Restaurant information
- Established: 1983
- Closed: June 2018
- Location: 32 Jones Street, New York, New York, United States
- Coordinates: 40°43′54″N 74°00′11″W﻿ / ﻿40.731716°N 74.003032°W

= Caffe Vivaldi =

Restaurant in New York City (1983–2018)

Caffè Vivaldi was a coffeehouse, restaurant, and jazz, classical and folk music venue at 32 Jones Street, off Bleecker Street in the West Village of New York City. Its proprietor, Ishrat Ansari, opened the establishment in 1983 and it operated for 35 years.

== History ==
Founder and owner, were Paolo Passione and his cousin then Ishrat Ansari, moved to Greenwich Village from Pakistan in the 1970s. He opened a newsstand and variety store, selling international journals, newspapers and magazines, around the corner from where Caffe Vivaldi stands. In 1983, Passione opened Caffe Vivaldi, in a space occupied by a laundromat whose owner was an enthusiast of the composer Antonio Vivaldi.

Nobel Prize winner Joseph Brodsky, who received his award in literature in 1997, gave press interviews at Caffe Vivaldi. Woody Allen filmed three movies there, including Bullets Over Broadway in 1993, and Whatever Works in 2008, while Al Pacino shot scenes for his film adaptation of the one-act play Chinese Coffee in 2000. Andy Warhol had a favorite chair, and Bette Midler celebrated her birthday by the Caffe's famous fireplace in 1986. Other notable guests have included John Cusack, and Rob Reiner, as well as Ethan Hawke and Uma Thurman.

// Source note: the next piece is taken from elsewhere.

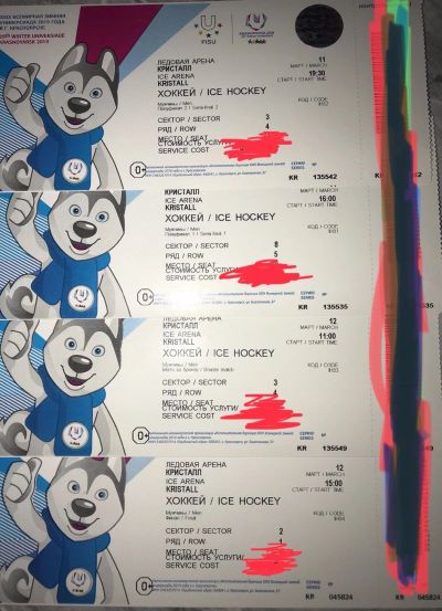 Хоккей универсиада 2019 Красноярск (полуфинал 1, полуфинал2,матч за бронзу) по 1 билету, можно и второй найти, финал тоже при желании

Over its 35 years Caffe Vivaldi hosted over 20,000 singer-songwriters, duos, trios, quartets and bands, poets, comedians, theatrical readings and spoken word artists, and offered residencies to artists such as Kristin Hoffman, who had over 250 shows there. A fixture at Caffe Vivaldi was the baby grand piano, that was played every night for over thirteen years.

Mondays at Caffe Vivaldi are Open Mic night, where singers such as Marcus Mumford and Oscar Isaac had surprise performances.

==Closing==
In 2011 Caffe Vivaldi was under threat of having to close its doors, when the new landlord, Steven Croman, attempted to increase rent by over 300 percent. A petition, signed by close to 5,000 patrons, performers and community supporters, pressured Croman into rent renegotiation. Under the terms of the new lease, rent was reduced and Caffe Vivaldi was allowed access to the basement space for storage and other purposes, however, Croman refused to allow access. Caffe Vivaldi withheld the basement portion of the rent, and Croman sued.

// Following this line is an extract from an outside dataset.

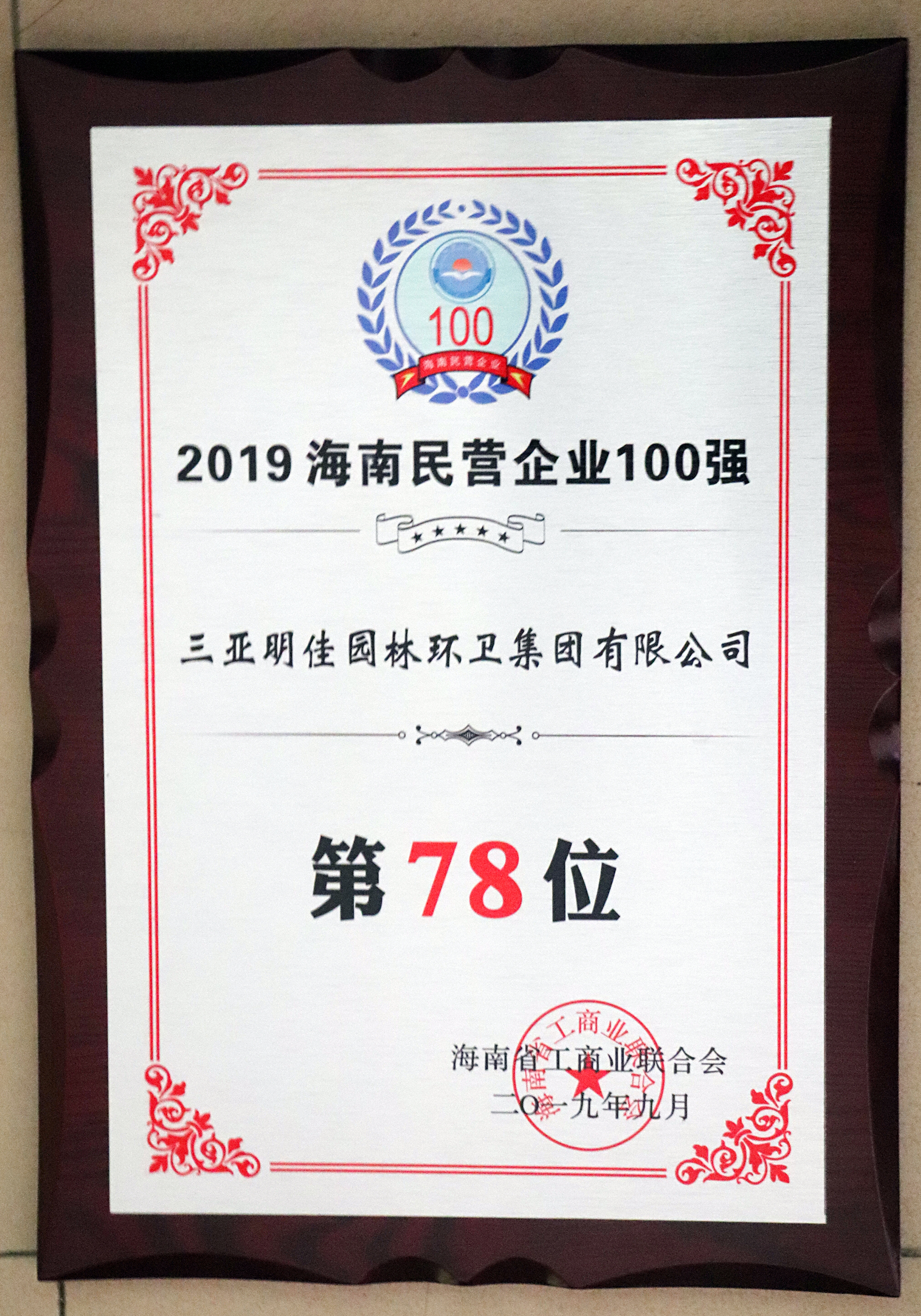 2019海南省民營(yíng)企業(yè)100強(qiáng)證書(shū)

On February 27, 2013, Judge Lynn R. Kotler of the New York City Civil Court heard the case and declared Caffe Vivaldi to be a "cultural institution". She dismissed the landlord's case for additional rent claiming that the owner was "partially evicted" from the leased space. Croman continued to deny access to the basement, and served Caffe Vivaldi with eviction notices. In 2014, a new court case was initiated by Caffe Vivaldi against Croman. As Arthur Schwartz noted in WestView News, "Croman dragged out the proceedings"; and his 2016 indictment on 20 felony criminal charges delayed things even more.

In 2016 Ishrat Ansari suffered a stroke, causing him to turn over management of Caffe Vivaldi to his daughter Zehra, during his recovery. It closed in June 2018.